Either way, “a lot depends on it”. This year started, he says, with “the realisation that things will be decided on the battlefield more than they will be decided at the negotiating table. On the battlefield there were two questions: the outcome of the Russian winter offensive; and the outcome of the Ukrainian spring counteroffensive. We have the answer to the first question. Nothing came out of the Russian offensive.” Now the second question is about to be answered. It may prove a turning point for the whole war.

I’m curious about how he sees his book in relation to journalism. “One way to look at it is that a journalist is someone who takes a photograph,” he says. “Then along comes the historian and creates a frame, and makes a different kind of meaning from that snapshot of reality.” By contrast to the way in which a journalist would approach writing a book about the war, Plokhy takes a good 150 pages to get on to the events of 24 February 2022. Instead, he walks the reader back to 1991 (and even earlier), teasing apart the parallel stories of Russian and Ukrainian post-Soviet politics – and in the process, answering some key questions about the past 30 years: why did democracy “take” in Ukraine but not Russia? Why does Ukraine have a post-Soviet history of mass protest and Russia not? How has Ukraine reacted at different times to the pull of Moscow on the one side, and of Nato and the EU on the other?

I tell him about an encounter I had in a bookshop in Kyiv, in which the bookseller told me the most common question she has from customers is: “Can you recommend me a book that’s not about Ukrainian suffering?” Plokhy laughs, and tells me that Volodymyr Vynnychenko, the first prime minister of Ukraine in 1918-19, said that it was impossible to read Ukrainian history without taking bromide (once used as a sedative) because it was so “painful, horrible, bitter and sad”. Is Ukraine condemned to be a buffer state, trapped between east and west, destined for more and more suffering? “You can’t change geography,” says Plokhy. “You can’t change your neighbours. But you can change yourself, and that seems to me what is happening now in the middle of this war.” In other words, Ukraine can choose – and is choosing – not to be a no man’s land. “When you knock on Nato or the EU’s door and it doesn’t open right away, it doesn’t matter so much if you are prepared to come back and knock again,” he says. “That was the case with, say, Poland. It’s just a matter of time.”

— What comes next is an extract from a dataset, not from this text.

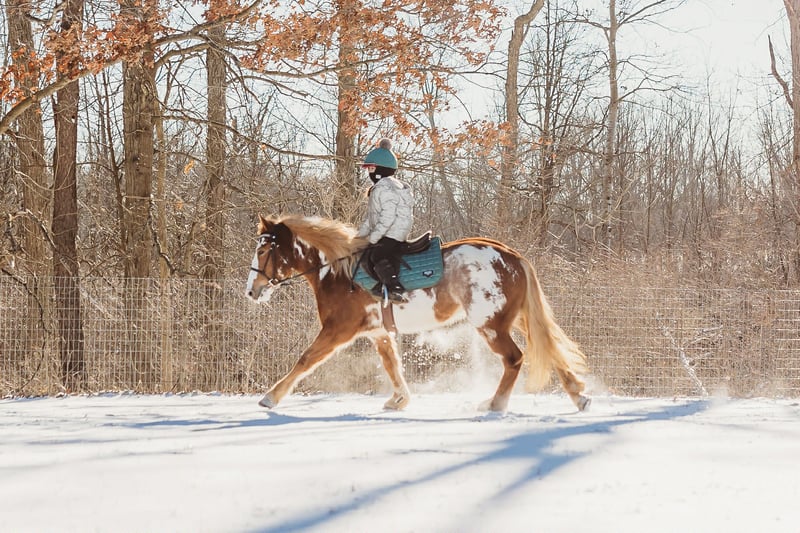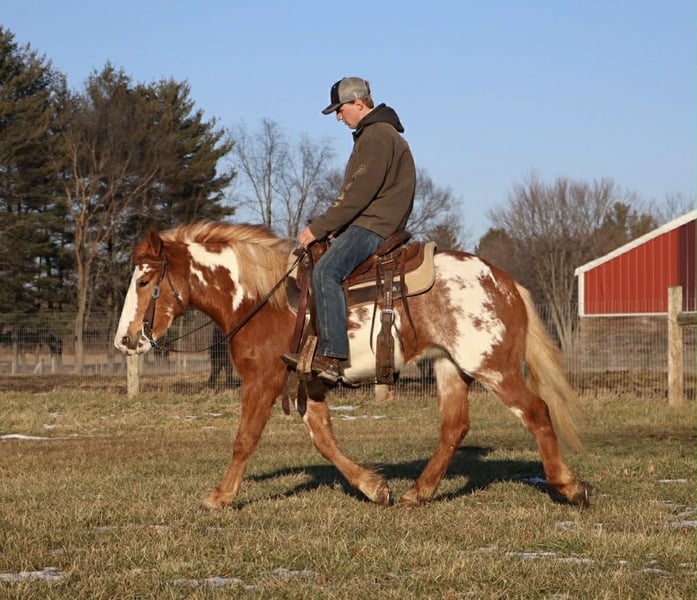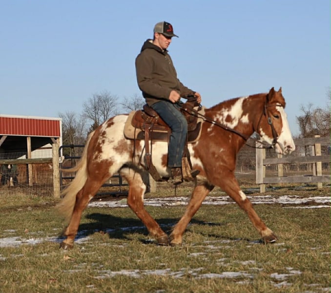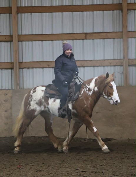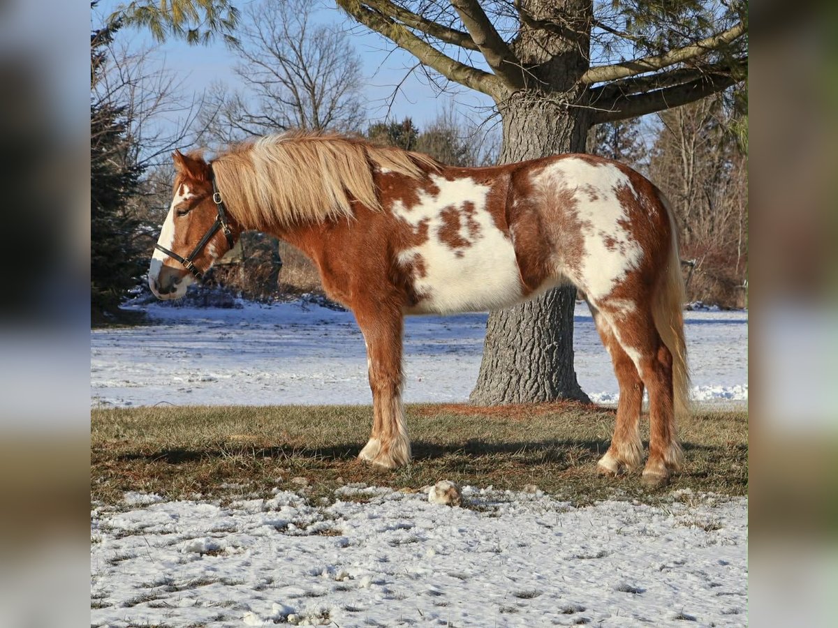 "AVAILABLE ON ONLINE HORSE AUCTION AT www DOT PlatinumEquineAuction DOT com BIDDING OPEN NOW thru SUNDAY | MARCH 1ST! *Final price will be determined on auction site* CONSIGNOR CONTACT INFO: Ellesse Schwartz 248-390-6831 LOCATION: Howell, MI Get ready for your perfect match! This sweetheart is hands down one of the most beautiful gypsy vanner Haflinger crosses you will meet. This little lady stands 14.1hh at 4 years old. She’s got a stunning chestnut and white overo coloring covering her coat. Light feathering on all 4 legs, the most stunning thick strawberry mane and tail. Her conformation is very classic and correct. Splash has a petite and pretty face with a kind and expressive eye. Splash is full of personality in a good way. She knows all the liberty work and will lay down on command! She's carried the flag, steeps over tarps, bridges and plays with the giant ball! She can say yes and no and side pass right over to the mounting block! This little lady is always happy to greet you and will stand for hours for grooming. She has had 60 days in harness and has driven across the countryside of Michigan. Under-saddle this girl is a blast!! She walk, trots, and canters with comfort and ease. She comes equipped with effortless transitions both upward and down. She stops on a dime and backs up like a pro. Splash moves very well off of seat and leg pressure as well. She has been working in the arena schooling 1st level dressage moves and works with ease and elegance. She’s a smart girl, once you teach her something she gets it’s and comes out the next day aiming to please. We have been having a blast jumping her. Splash is jumping small courses in beautiful form and she’s not one to shy from flowers or fill. She holds a nice canter around a course and jumps in great form. Splash has spent many hours out on the trails and she loves an adventure. She will ride out alone or in a group. She comes equipped with an effortless next rein. She’s not phased by cracking brush, thick woods, dirt road traffic, wildlife, steep hills or water. With that being said we think she would be super fun to take out on a hunter pace, or even some lower level eventing. Splash is a very special girl. She has been ridden independently by kids as young as 5 and adults in their 70s her comfortable gaits and steady pace make her a favorite among all. She’s got the movement, mind, and looks to go almost any direction you want to take her! Splash lives in Howell, MI. Please call or text Ellesse Schwartz 248-390-6831for more info.

He’s on Ukraine’s side, without ambiguity or equivocation: is that OK for a historian? Should a scholar be more even-handed? “I don’t have a problem being on the side of the country that is trying to save its democracy from the aggression of an increasingly authoritarian, dictatorial state,” he tells me. “I don’t have a problem being on the side of a victim attacked under a false pretext and a misinterpretation of history – and history is something that I understand.

“Yes, I am on one side. But it’s a no-brainer.” He moves his camera to show me one of the maps on his office wall, made in 17th-century Italy. Above the Black Sea there’s an inscription. It translates as “free Ukraine”. And he gives me a big, optimistic grin.

The Russo-Ukrainian War by Serhii Plokhy will be published by Allen Lane on 16 May.

• This article was amended on 15 May. A previous version referred to a map made in 18th-century Italy, rather than 17th century.